A [Broadway](https://hexdocs.pm/broadway) connector for Apache Kafka, built on
[Klife](https://hexdocs.pm/klife).

It bridges Klife's consumer group **manual mode** with Broadway.

## Installation

```elixir
def deps do
  [
    {:off_broadway_klife, "~> 0.1.0"},
    {:klife, "~> 1.1"}
  ]
end
```

## Usage

1. Configure and start a `Klife.Client` (see the
   [Klife docs](https://hexdocs.pm/klife)) — this is your Kafka connection.
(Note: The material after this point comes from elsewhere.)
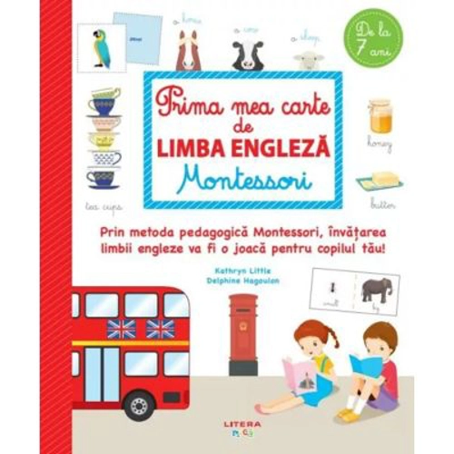 Cartea Montessori are peste 100 de activitǎti diverse care ii vor face pe copiii de 7 ani sǎ-si insuseascǎ limba englezǎ in mod gradual. Aceasta metoda a fost elaborata de doua educatoare Montessori atestate cu diploma AMI (Asociatia Internationala Montessori), care lucreaza cu grupe de copii in varsta de 3-6 ani: Kathryne Little, fondatoarea scolilor Little British, cu predare in engleza, si Delphine Kagoulon, directoarea programului de clase bilingve Montessori. Explorarea prin joaca a unor captivante subiecte de actualitate, precum lumea animalelor, ecologia, prepararea hranei, sistemul solar etc. ii vor permite copilului sa invete sa-si construiasca primele propozitii in engleza si sa utilizeze un vocabular din ce in ce mai bogat. Aceasta metoda permite copilului sa construiasca propozitii inca de la primele pagini (I+verb) si il incurajeaza sa se exprime rapid in engleza. Va putea apoi formula propozitii mai complexe (subiect + predicat + complement). Prin metoda pedagogica Montessori, invatarea limbii engleze va fi o joaca pentru copilul tau!

2. Define the Broadway pipeline, pointing the producer at the client:

   ```elixir
   defmodule MyApp.Pipeline do
     use Broadway

     def start_link(_opts) do
       Broadway.start_link(__MODULE__,
         name: __MODULE__,
         producer: [
           module:
             {OffBroadwayKlife.Producer,
              client: MyApp.KafkaClient,
              group_name: "my-broadway-group",
              topics: [[name: "orders"], [name: "events"]],
              receive_interval: 500},
           concurrency: 1
         ],
         processors: [default: [concurrency: 10]]
       )
     end

     @impl true
     def handle_message(_processor, message, _context) do
       IO.inspect(message.data, label: "got record")
       message
     end
   end
   ```

3. Start the client before the pipeline in your supervision tree. The producer
   starts its built-in Klife consumer group on the client and supervises it as
   part of the pipeline — there is no consumer group to define or add yourself.

   ```elixir
   children = [
     MyApp.KafkaClient,
     MyApp.Pipeline
   ]
   ```

## Message format

`:message_format` controls the shape of each `Broadway.Message`:

- **`:klife`** (default) — `message.data` is the full `Klife.Record`, the same
  struct used across Klife's produce/fetch APIs (value, key, map headers,
  `timestamp`, `consumer_attempts`, `batch_attributes`, …). `message.metadata`
  is empty. Lossless and consistent with the rest of Klife — prefer it for new
  pipelines.

- **`:broadway_kafka`** — `message.data` is the raw value and `message.metadata`
  mirrors [broadway_kafka](https://hexdocs.pm/broadway_kafka):
  `%{topic, partition, offset, key, ts, headers}` with headers as `{key, value}`
  tuples. Drop `OffBroadwayKlife.Producer` with this message format into an existing
  broadway_kafka pipeline without touching `handle_message/3`.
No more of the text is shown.